Amy, a 13 year schoolgirl, presented with a five-month history of suprapubic discomfort. The pain was mild at first and after two episodes, about one month apart, her parents took her to a hospital. She was examined and no abnormality was found and the family was reassured that it was some form of colic of the lower gut. The lower abdomino-pelvic pain eventually returned and was more intense. It was now accompanied by mild constipation and low back pain. Basic investigations which included a full blood examination, urine-analysis and a plain X-ray were reported as normal. She was prescribed a laxative to make her bowels more regular. The pain settled again for about 3 weeks but on recurrence she saw another doctor who ordered ultrasound imaging of her lower abdomen. It did not reveal any abnormality. At the fifth visit to a private general practitioner for worse pain she complained of some difficulty with urination and felt that emptying of her bladder was incomplete. Physical examination now revealed mild distension of the suprapubic area and a palpable mass up to 3 cm above the symphysis pubis.

Diagnosis: The doctor took an appropriate genitourinary history and found that Amy had not commenced menstruation. On inspection of her external genitalia there was a distinct tense bluish bulging membrane presenting at the introitus-compatible with vaginal distension from menses caused by an imperforate hymen. A further ultrasound indicated a distended vagina and enlarged uterus. A cruciate incision was made in the hymen and 300ml of blood was drained.

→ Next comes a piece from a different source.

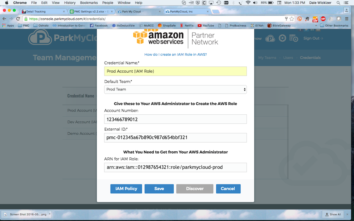 He then uses the AWS account number provided and external ID generated to get an ARN string from his administrator. Once that information is entered, he saves the credential.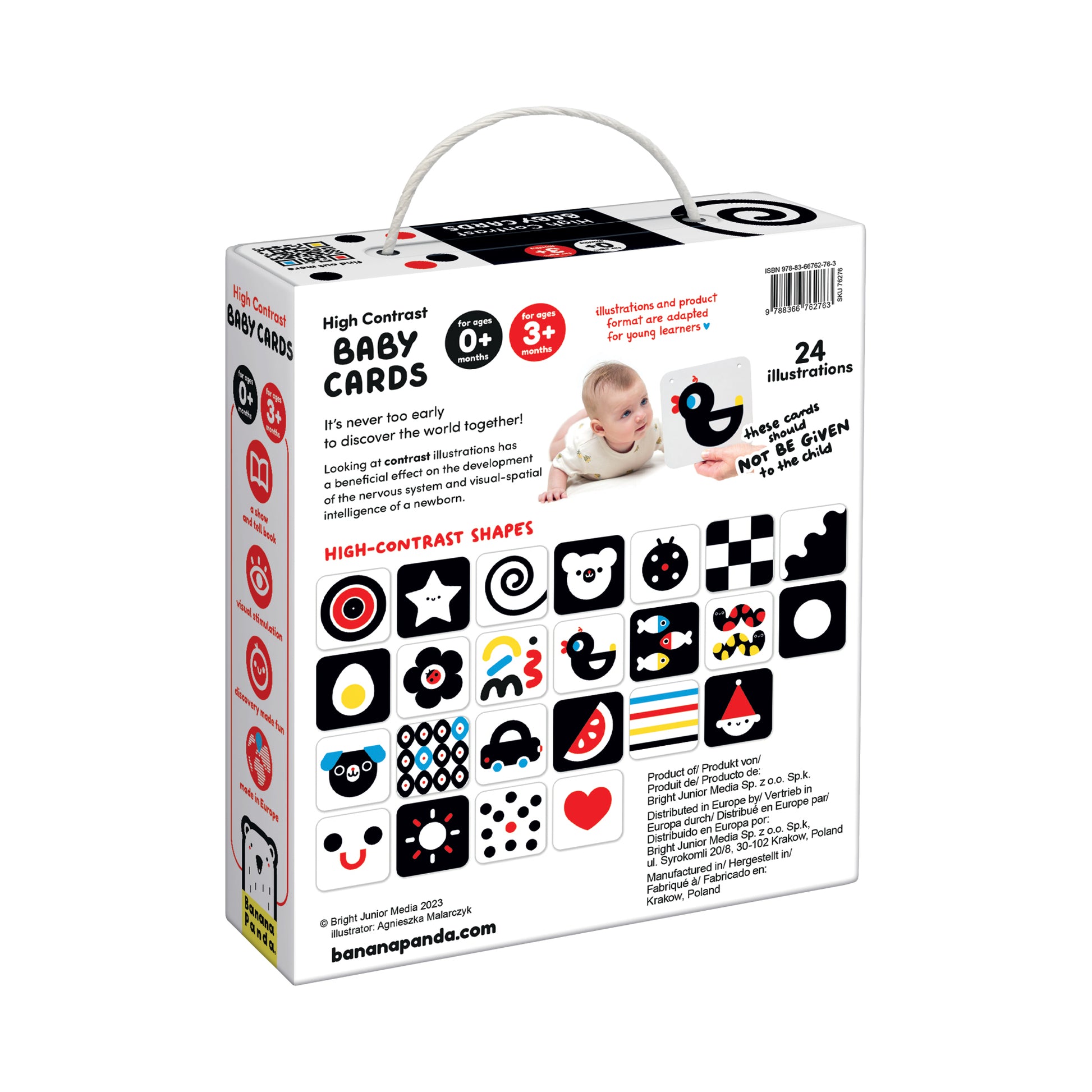 Al nacer, la vista todavía está poco desarrollada. Al principio, los bebés ven mejor los patrones claros y de alto contraste, y la capacidad de distinguir los detalles y los colores de las imágenes se desarrolla gradualmente a lo largo de los meses siguientes. Por eso a los bebés les gustan tanto los contrastes. Los padres pueden colgar un folleto o tarjetas individuales junto a la cama o el cochecito, o crear una espectacular guirnalda. En la guía adjunta al set encontrará mucha información interesante y práctica sobre el desarrollo de los bebés y cómo divertirse juntos.

60 year housewife with long standing tremor

Kath, a 60 year old housewife, presented with a tremor involving her head and to a lesser extent the upper limbs. There was mild asymmetry. The tremor was made worse with anxiety and was not present at rest. There was no loss of dexterity or of fine finger movement and the main complaint was related to embarrassment. On questioning it was revealed that the tremor was present for most of her adolescent life when stressed, but had begun to intrude at other times only recently. She recalled that her mother also had a tremor late in life. The patient did not take medications but had noticed that about half a glass of wine at a dinner party helped the tremor. There was no previous significant illness. There was no slowing of gait or postural instability but her handwriting had deteriorated.
On examination there was a mild nodding tremor of the head with some tremor about the mouth. There was also some mild tremor detected in the voice. There was also a predominantly proximal postural tremor of 6 to 9 Hz. Arm swing and gait was normal.

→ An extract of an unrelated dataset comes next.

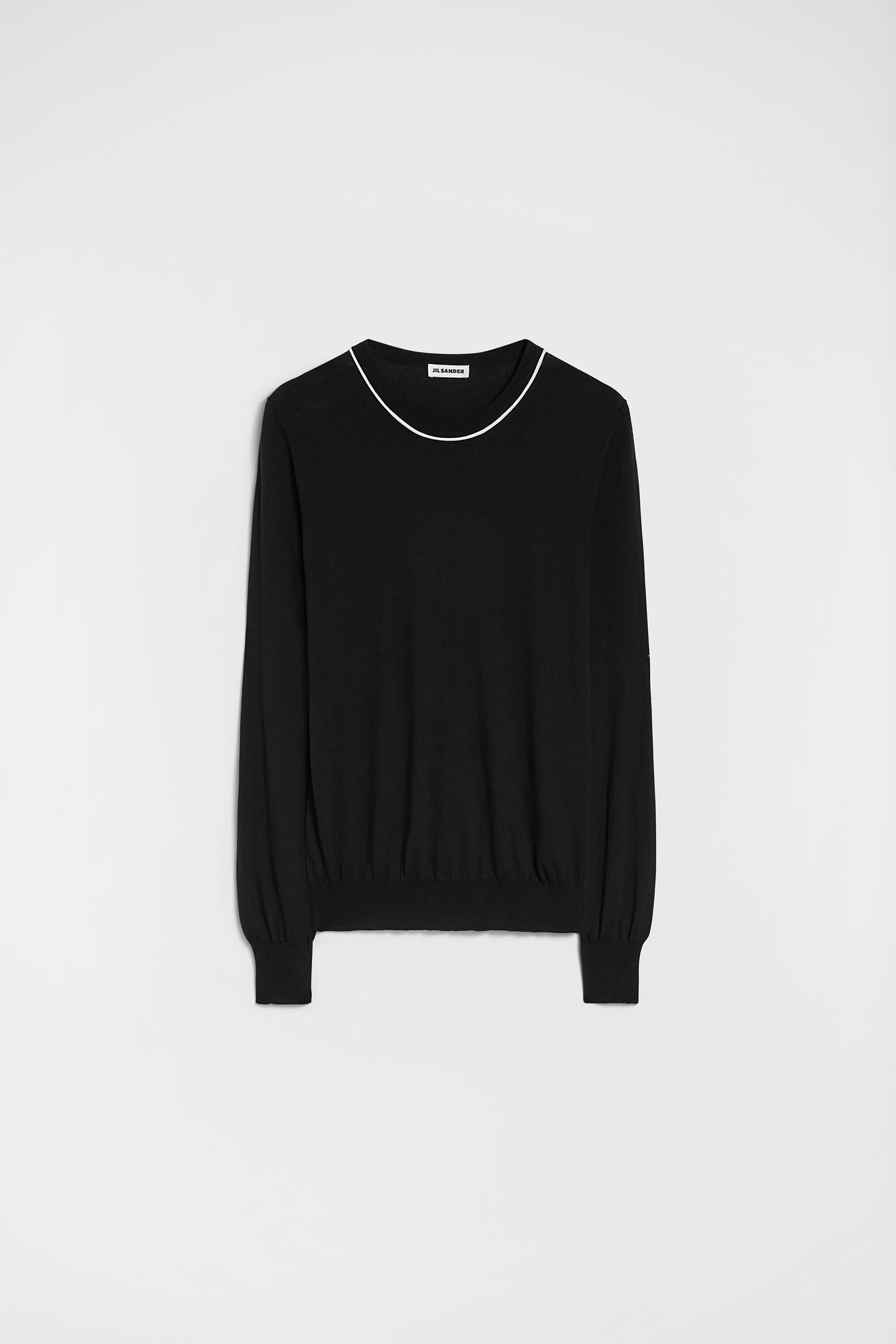 Long-sleeved fine-knit cotton sweater with piping in contrasting colour Details - regular fit - slightly dropped shoulders - ribbed neck, hem and cuffs - fine-knit lightweight cotton - 100% cotton - made in Italy - StyleID: J61GP0012J15456001 Care - dry clean only - iron with care Fit - model is 187cm/6'1" and is wearing a size 48 IT - Please note that the physical label of the item will show the Italian size

Diagnosis and discussion: The most likely diagnosis is essential tremor, also referred to as benign tremor, familial tremor, senile or juvenile tremor. It is essentially a clinical diagnosis. Head tremor which is usually a nodding or ‘yes-yes’ tremor is a common feature.  The first line management is explanation and reassurance. Most patients cope with this problem throughout life without the need for medication.

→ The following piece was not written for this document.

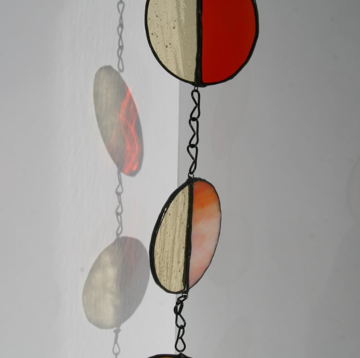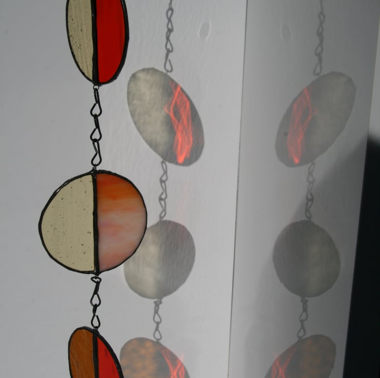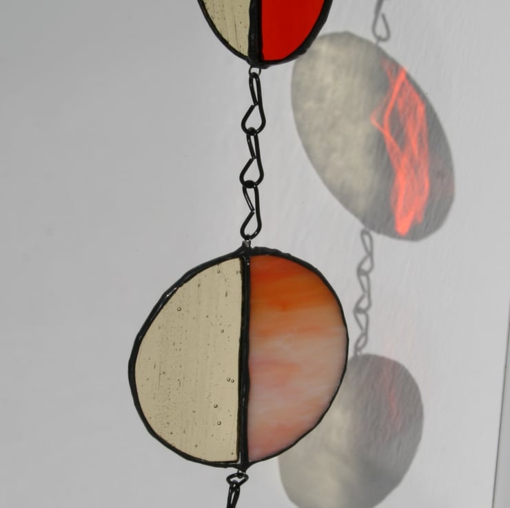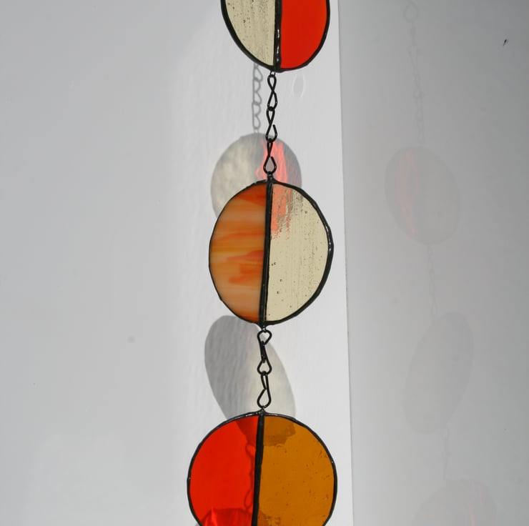 Using tones of red, orange and amber, the circles are created using the copper foil techniques. The glass is hand cut, wrapped in copper foil and soldered together leaving a nice smooth bead. The solder is treated with a black patina and then polished to a sparkling shine.

A dangerous case of post-flu fatigue

Melinda, a 17 year old student, attended because she was feeling weak in her arms, especially in the right arm and wrist where she described a tingling sensation that had been present for the past 24 hours. Her recent history was that of a febrile illness ‘rather like the flu’ a few days beforehand and then she unwisely played several games of tennis in a tournament that finished the previous day. She eventually had to withdraw.
Melinda also complained of headache, nausea and an aching jaw as well as the right arm weakness. Sensation to touch was normal and her reflexes were equivocal. I attributed the problem to soreness following sporting overload after a viral infection.  Notwithstanding her age I considered the possibly of carpal tunnel syndrome.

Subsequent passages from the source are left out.